The problems with performance based pay though do not stop here. Behind the incentive to solve essentially what is called the principal - agent problem, companies have substituted the fixed salary, in various proportion, with performance based compensation. Theoretically, when the performance based pay is provided as extra incentive for doing a better job and working more efficiently then it is beneficial for both the company and the employees. However, when the fixed salary is fully absent or minimal to the point where essential modern life provisions are not guaranteed, then it is problematic.

Furthermore, the last financial crisis revealed that top managers in failing commercial banks were receiving large bonuses even while the business was going bankrupt and a great number of lower level employees were being fired. Proponents of performance bonus pay as incentive for superior performance claim that any reduction in bonus payments schemes will lead to a loss of talent, since high performance employees will tend to concentrate in industries employing such pay schemes. However, empirical evidence suggests that top managers are likely to “skim” rents from their companies in ways that are hard to detect, since it is top managers who determine both their own contracts and those of their employees (Bertrand and Mullanaithan, 2001). Of course, sometimes extra pay may be "baptised" performance bonus, when it is actually more of a "retainment bribe" (e.g. failing companies that attempt to retain fleeing personnel).

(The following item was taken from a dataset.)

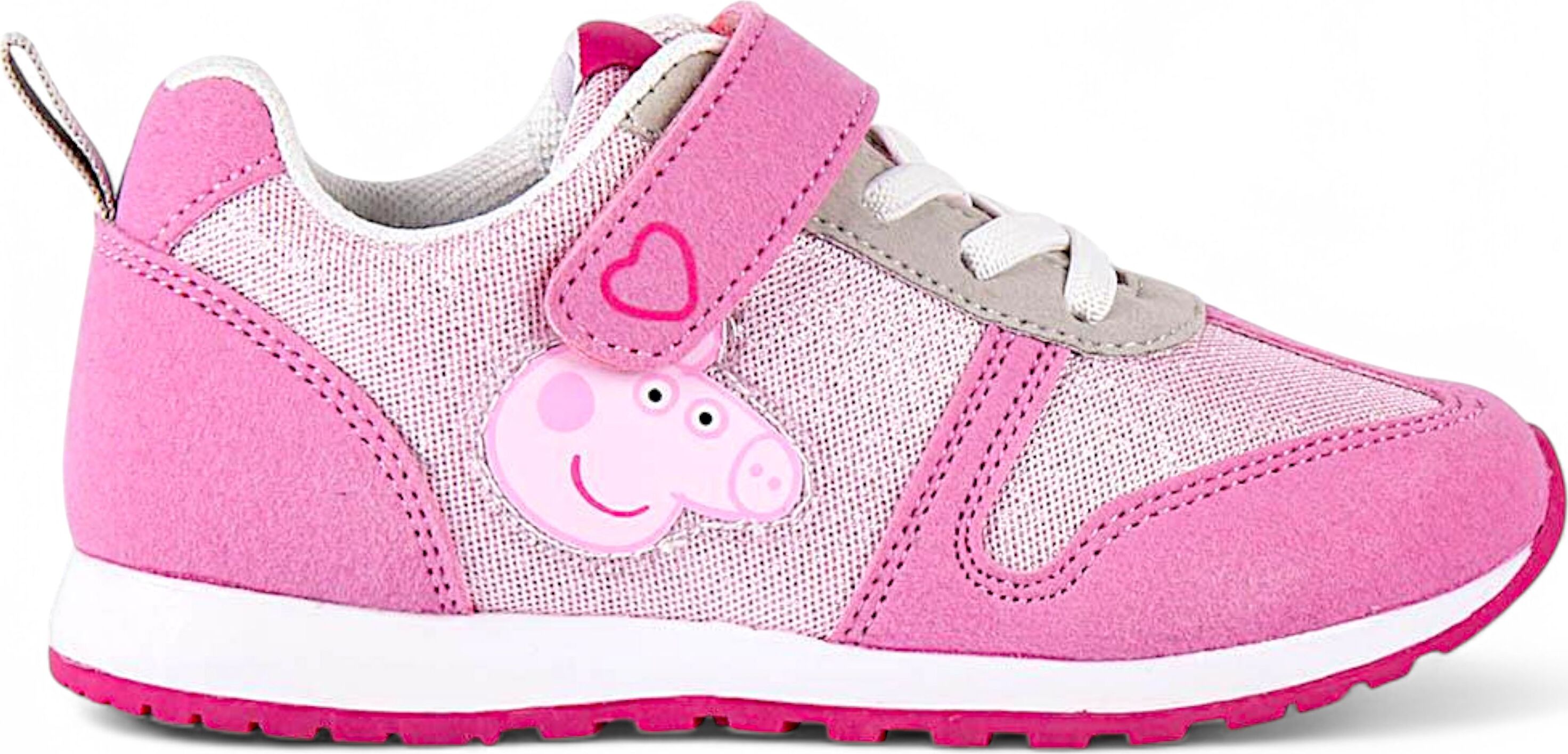 Für aktive Kinder, die Peppa Pig lieben! Diese sportlichen Sneakers vereinen Funktionalität mit einem liebevollen Design – inklusive Herzdetail und Peppa-Motiv an der Seite. Die Kombination aus Klettverschluss und Elastikschnürung macht das Anziehen kinderleicht, während die profilierte Laufsohle sicheren Halt gibt. Ideal für Kita, Freizeit oder kleine Abenteuer im Alltag.

"Since the skimming view emphasizes the CEO's ability to gain control of the pay process, corporate governance should play an important role in skimming. It is exactly in the poorly governed firms where we expect CEOs to most easily gain control of the pay process."

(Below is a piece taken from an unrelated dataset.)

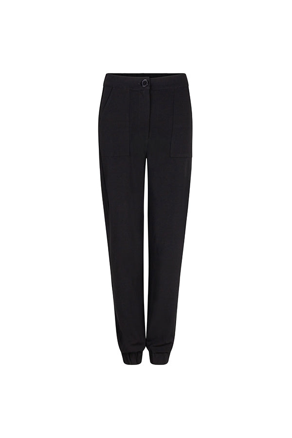 Broek Maeve is een zwarte high waisted cargobroek gemaakt van een zwaardere stretchstof. De broek heeft aan de voorkant grote opvallende steekzakken en aan de onderkant van de broekspijpen elastiek.

Marianne Bertrand And Sendhil Mullainathan

Empirical studies indicate that performance bonus pay substitution for fixed pay is very large at the bottom of the earnings distribution, while at the very top of the earnings distribution the evidence of substitution tends to disappear (Green and Heywood, 2016). Essentially, top managers are receiving large bonuses on top of large fixed salaries when they are in poorly managed companies. A rather paradoxical, counter intuitive and bottom line inefficient outcome. It can also be quite morally defeating for the lower level employees and managers, who might feel distressed about it and that their hard work is not appreciated in such a business environment.

The performance bonus incentives do not account for extra income for the significant majority of wage-employees, but is actually a real life application of "the carrot and the stick". Moreover, the substitution of a fixed salary increase based on merit or a promotion reward, is hijacked using a performance bonus pay. This way firms are free to appoint managers for reasons not related with superior performance (Benson, Li and Shue, 2018). It is not surprising that a significant number of people who start their own businesses often cite reasons related to dissatisfaction with previous work arrangements among other reasons.

Lastly, there are also indications of gender differences in the compensations of wage-employed men and women due to unequal payout of performance bonuses. The gender pay gap in fixed salary payment has been decreasing, but the evidence suggests that the performance bonus pay greatly differs still. This difference in the bonus pay component of total compensation supports the persistence of the pay gap between men and women. It may not be accidental that an increasing number of women choose to leave wage-employment and start their own business.

References

Benson, A., Li, D. and Shue, K., 2018. Do People Really Get Promoted to Their Level of Incompetence? Harvard Business Review,

Bertrand, M. and Mullainathan, S., 2001. Are CEOs rewarded for luck? The ones without principals are. The Quarterly Journal of Economics, 116(3), pp.901-932.

Green, C.P. and Heywood, J.S., 2016. Don't Forget the Gravy! Are Bonuses Just Added on Top of Salaries?. Industrial Relations: A Journal of Economy and Society, 55(3), pp.490-513.

Viland, T.M., 2008. Bonus: Changing the Distribution of Wages?: An investigation of variable wages in wholesale and retail.